When the line containing "The name of" is found in the data below, copy it and each line after it through the line containing "Kadın Summer Likralı", exactly and with no others.

» Supplied records:
☆ ☆ ☆ ☆ ☆

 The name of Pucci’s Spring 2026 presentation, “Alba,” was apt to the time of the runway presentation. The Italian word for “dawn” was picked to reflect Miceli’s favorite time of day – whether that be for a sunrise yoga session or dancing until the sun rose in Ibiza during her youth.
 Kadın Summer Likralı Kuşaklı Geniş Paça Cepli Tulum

☆ ☆ ☆ ☆ ☆

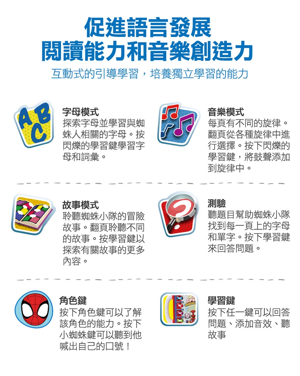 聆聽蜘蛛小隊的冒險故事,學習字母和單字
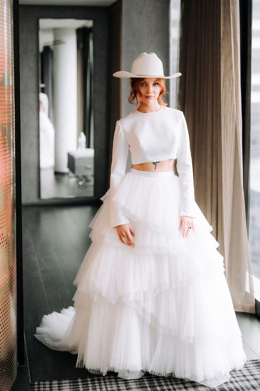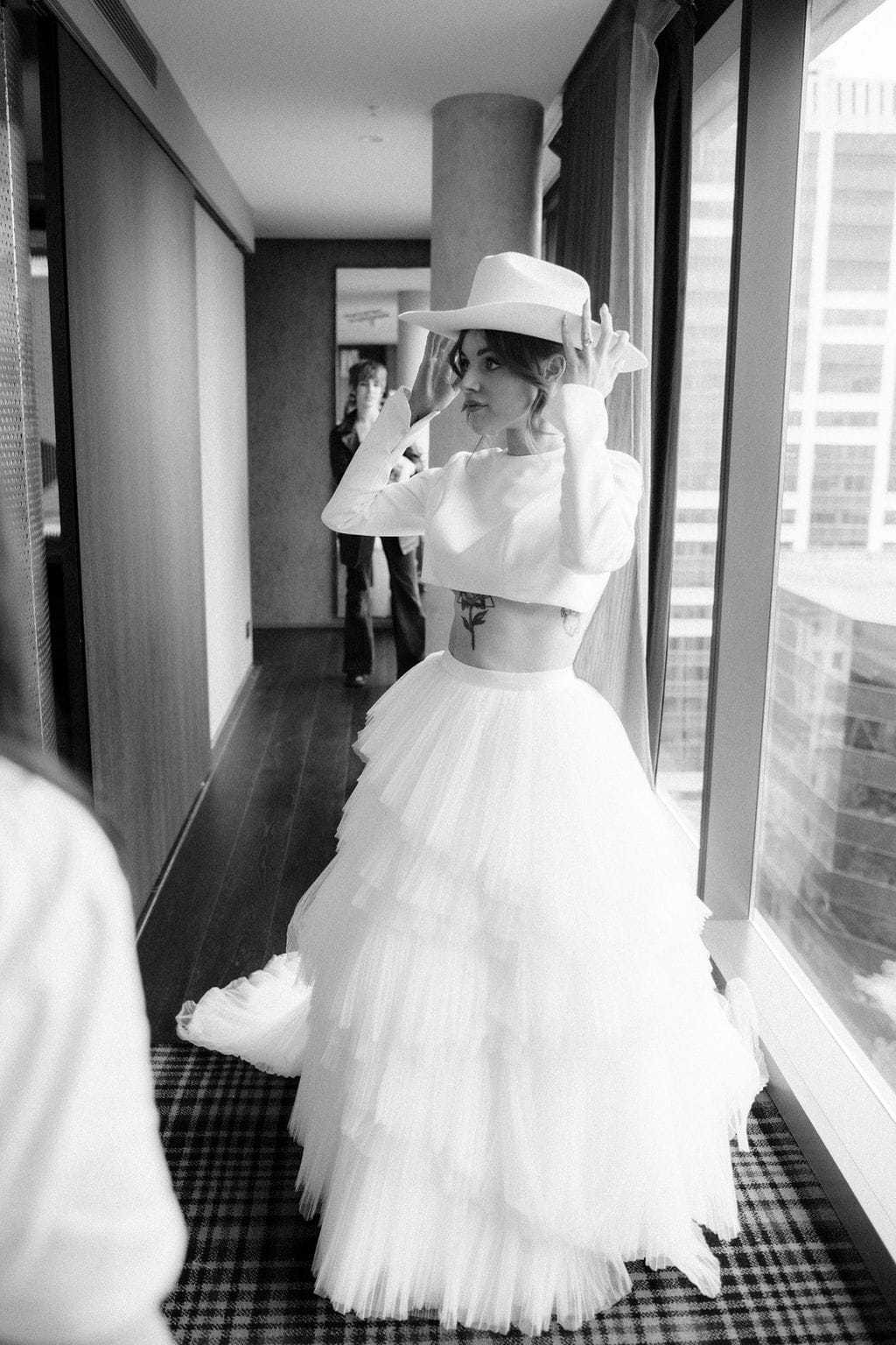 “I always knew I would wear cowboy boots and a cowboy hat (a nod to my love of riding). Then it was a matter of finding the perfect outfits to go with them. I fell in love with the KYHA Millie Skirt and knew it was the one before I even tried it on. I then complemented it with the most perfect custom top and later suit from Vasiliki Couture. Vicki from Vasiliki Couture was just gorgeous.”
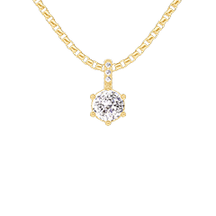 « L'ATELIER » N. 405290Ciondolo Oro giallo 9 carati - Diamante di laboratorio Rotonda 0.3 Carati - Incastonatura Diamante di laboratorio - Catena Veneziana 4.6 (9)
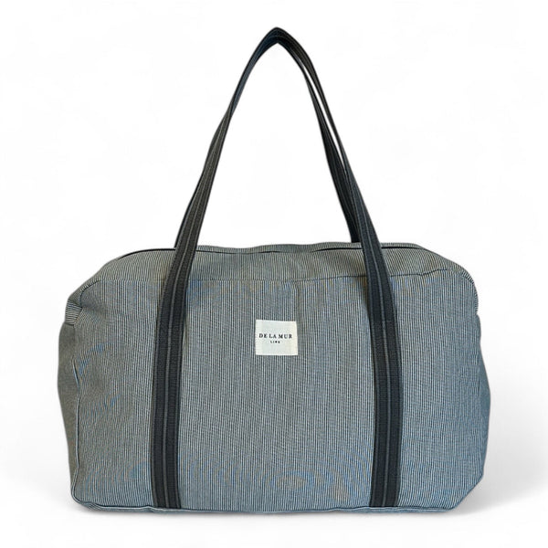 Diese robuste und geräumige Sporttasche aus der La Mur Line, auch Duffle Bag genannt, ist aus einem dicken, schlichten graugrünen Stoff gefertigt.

☆ ☆ ☆ ☆ ☆

» Answer to the exercise:
 The name of Pucci’s Spring 2026 presentation, “Alba,” was apt to the time of the runway presentation. The Italian word for “dawn” was picked to reflect Miceli’s favorite time of day – whether that be for a sunrise yoga session or dancing until the sun rose in Ibiza during her youth.
 Kadın Summer Likralı Kuşaklı Geniş Paça Cepli Tulum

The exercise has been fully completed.